“Yeah, and when you left me behind to fight off those dragoons by myself, do you think I was in a position to conserve ammo? We’re done here, you realize that, don’t you? A couple of bursts and then it’s just run, run, and run.”
“And hope they don’t land any blows on our porous armor.”
“And that,” Al-Harthi said with a nod. “Mine is the consistency of goat cheese. Yours looks about the same.”
“All we have to do is get out of here—that’s the only thing that matters. One more jump. Then maybe we run into the Russians or some other remnant population. A supply dump, a base, a planetary fleet. Anything.”
“Great plan,” she said, and there was sarcasm in her voice. “So what are your actual orders to make that happen, Captain?”
With a shock he realized that he was now the ranking officer in the fleet. When they’d set out, he’d been seventh in seniority out of the captains of the eight stingers and two gorgons, with Al-Harthi ninth.

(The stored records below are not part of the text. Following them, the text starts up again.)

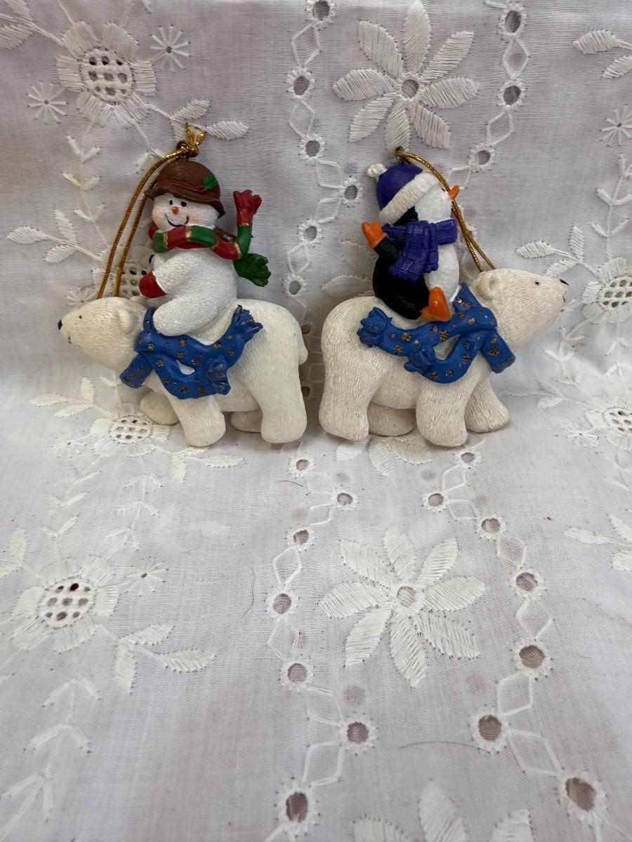 Christmas Ornaments Polar Bears Snowman Penguin 3” Set of 2
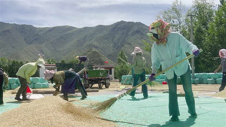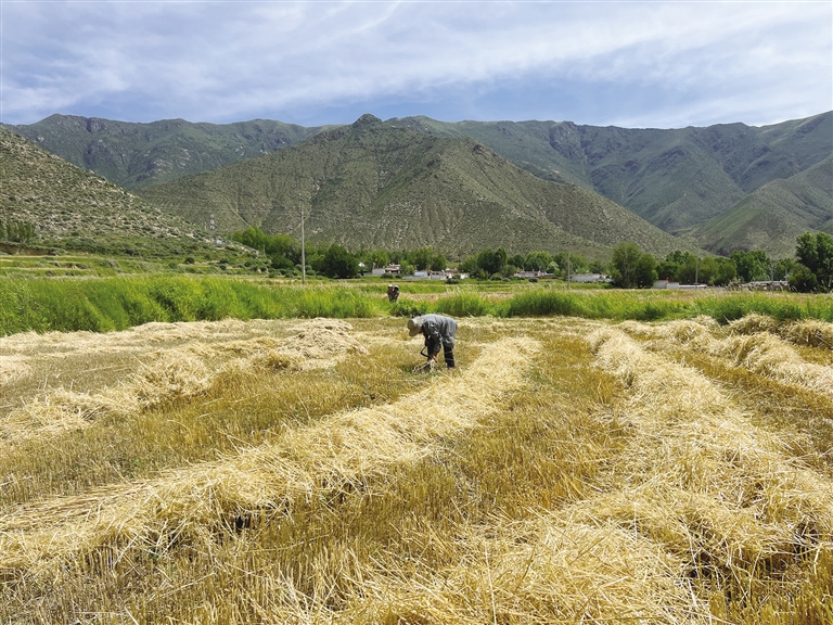 “今年我家种了12亩青稞,家中四口都在忙着秋收,我们村是统一由机械收割,收割起来很轻松。”村民德庆卓嘎激动地说道。
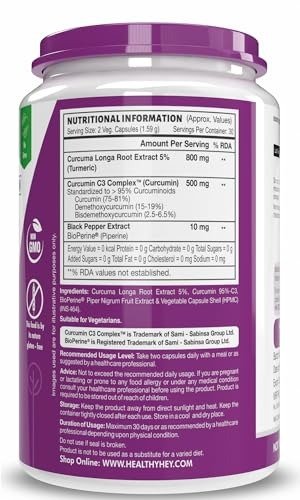 - Maximum Strength Turmeric Capsules Fortified with Bioperine: HealthyHey Curcumin Offers 1310mg of Turmeric Curcumin, Featuring 95% Standardized Curcuminoids in Each Serving (Ultimate Potency) Alongside 10mg of Bioperine (Black Pepper) to Boost Absorption and Bioavailability.
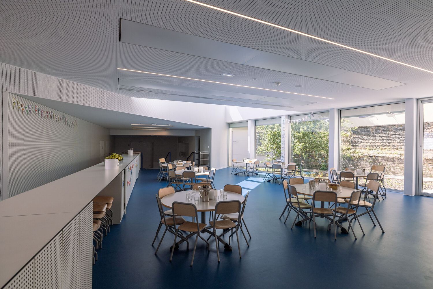 食堂位于一楼,可欣赏到多种户外景观。一楼还设有一个大厅,将现有的小学与扩建部分连接起来,通过双层高度设计,既能看到室内也能看到室外区域。多功能室在项目中脱颖而出,从芬克维勒街上就能轻松看到。室内活动通过宽敞的玻璃立面展示出来。最后,室内空间与操场之间设有带顶庭院作为过渡。该结构还可用作露台,布置有菜园,可从学校操场进入。
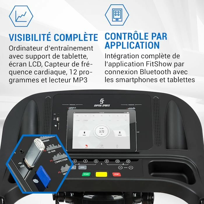 - Visibilité complète : ordinateur d’entraînement avec support de tablette, écran LCD, capteur de fréquence cardiaque, 12 programmes et lecteur MP3
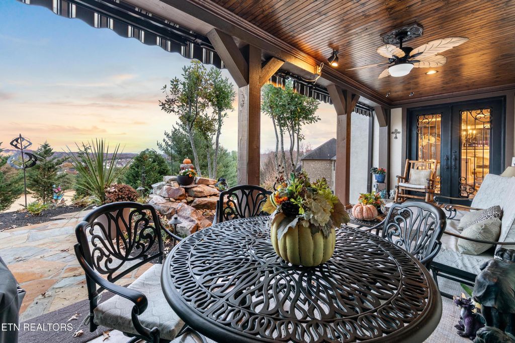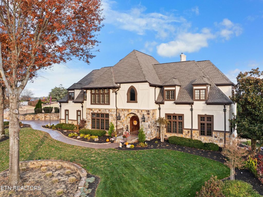 A prominent corner lot with landscape lighting, a refined motor court, sculpted landscaping, a new tranquil waterfall, and layered outdoor living spaces set a gracious tone for arrival, entertaining and soaking in the untouchable views of this gorgeous golf course that overlooks the Great Smoky Mountains in the distance.

Qayyum had been in command since the death of Brukehald on Centipede; that unenviable position now fell on Fontaine’s shoulders.
He gave it some thought. “Position yourself off starboard with your tertiary railgun providing cover where I’ve burned out my primary. We’re pulling away from the jump point, and I’ll send you a full course shortly.”
Chapter Two
Two hours later, Fontaine still had no plan. Not really. Make a run at those dragoons and hope they weren’t hiding a carrier in the vicinity. Which he knew they must be. The system had no bases, not even an enemy supply depot that he could spot.
He’d toyed earlier with the hope that a carrier had jumped earlier, dropped off the dragoons, and gone back for more riders, with the intent of setting up a blockade in the system. The larger ship out by the gas giant could be the carrier returning with additional dragoons. He was still charging semi-blind through the system, and hadn’t yet got a good read on that pack of enemy ships.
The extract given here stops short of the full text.